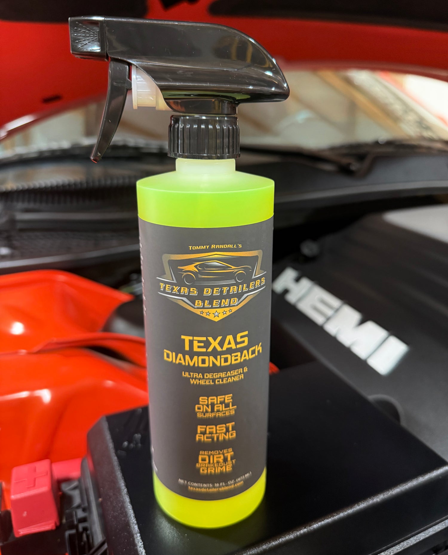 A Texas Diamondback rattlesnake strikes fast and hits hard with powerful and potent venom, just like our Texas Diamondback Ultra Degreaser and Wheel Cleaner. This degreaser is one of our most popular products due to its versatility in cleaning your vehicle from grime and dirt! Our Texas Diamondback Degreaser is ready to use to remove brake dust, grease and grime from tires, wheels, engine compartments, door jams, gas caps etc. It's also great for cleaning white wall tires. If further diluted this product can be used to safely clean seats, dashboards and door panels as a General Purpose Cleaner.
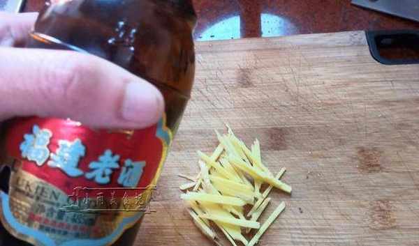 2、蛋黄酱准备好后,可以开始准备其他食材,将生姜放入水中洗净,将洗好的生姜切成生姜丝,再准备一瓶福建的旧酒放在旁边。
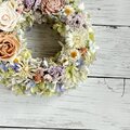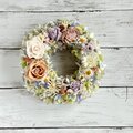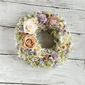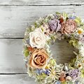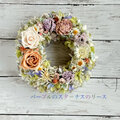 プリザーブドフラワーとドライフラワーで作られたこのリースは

+ + +

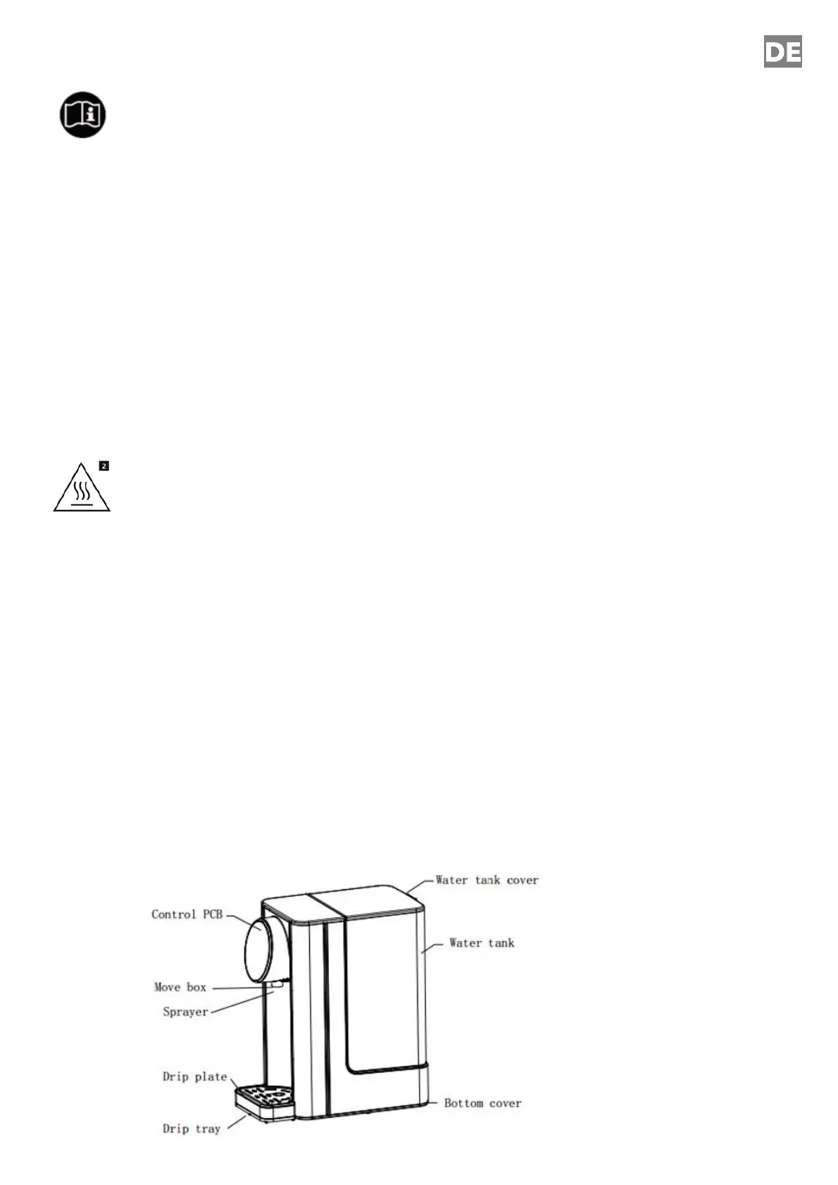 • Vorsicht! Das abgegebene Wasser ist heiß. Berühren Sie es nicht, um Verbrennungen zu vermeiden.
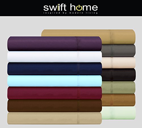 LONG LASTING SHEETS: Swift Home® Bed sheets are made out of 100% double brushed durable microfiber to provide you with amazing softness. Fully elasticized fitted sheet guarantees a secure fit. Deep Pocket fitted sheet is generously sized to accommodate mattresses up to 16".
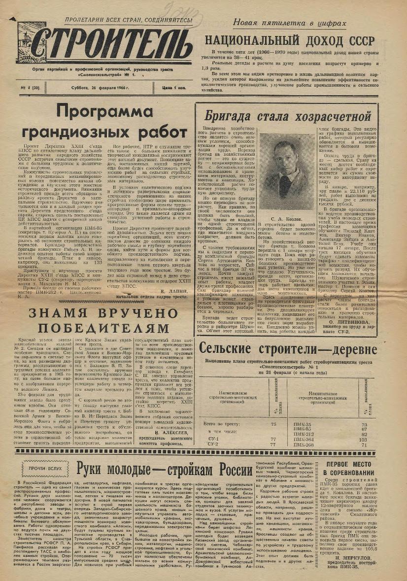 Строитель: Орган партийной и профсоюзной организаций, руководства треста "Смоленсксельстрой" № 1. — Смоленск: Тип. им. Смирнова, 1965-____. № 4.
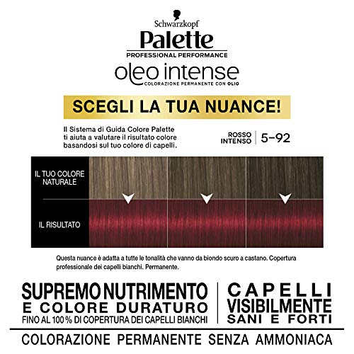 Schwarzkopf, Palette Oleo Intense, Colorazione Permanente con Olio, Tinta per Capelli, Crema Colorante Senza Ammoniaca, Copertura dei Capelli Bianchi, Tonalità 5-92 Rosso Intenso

+ + +

▶ Assignment: Looking above, find the stretch of lines that opens with the one holding "Строитель: Орган партийной" and closes with the one holding "Schwarzkopf, Palette Oleo". Copy it exactly, pictures excluded.

▶ Result of this task:
 Строитель: Орган партийной и профсоюзной организаций, руководства треста "Смоленсксельстрой" № 1. — Смоленск: Тип. им. Смирнова, 1965-____. № 4.
 Schwarzkopf, Palette Oleo Intense, Colorazione Permanente con Olio, Tinta per Capelli, Crema Colorante Senza Ammoniaca, Copertura dei Capelli Bianchi, Tonalità 5-92 Rosso Intenso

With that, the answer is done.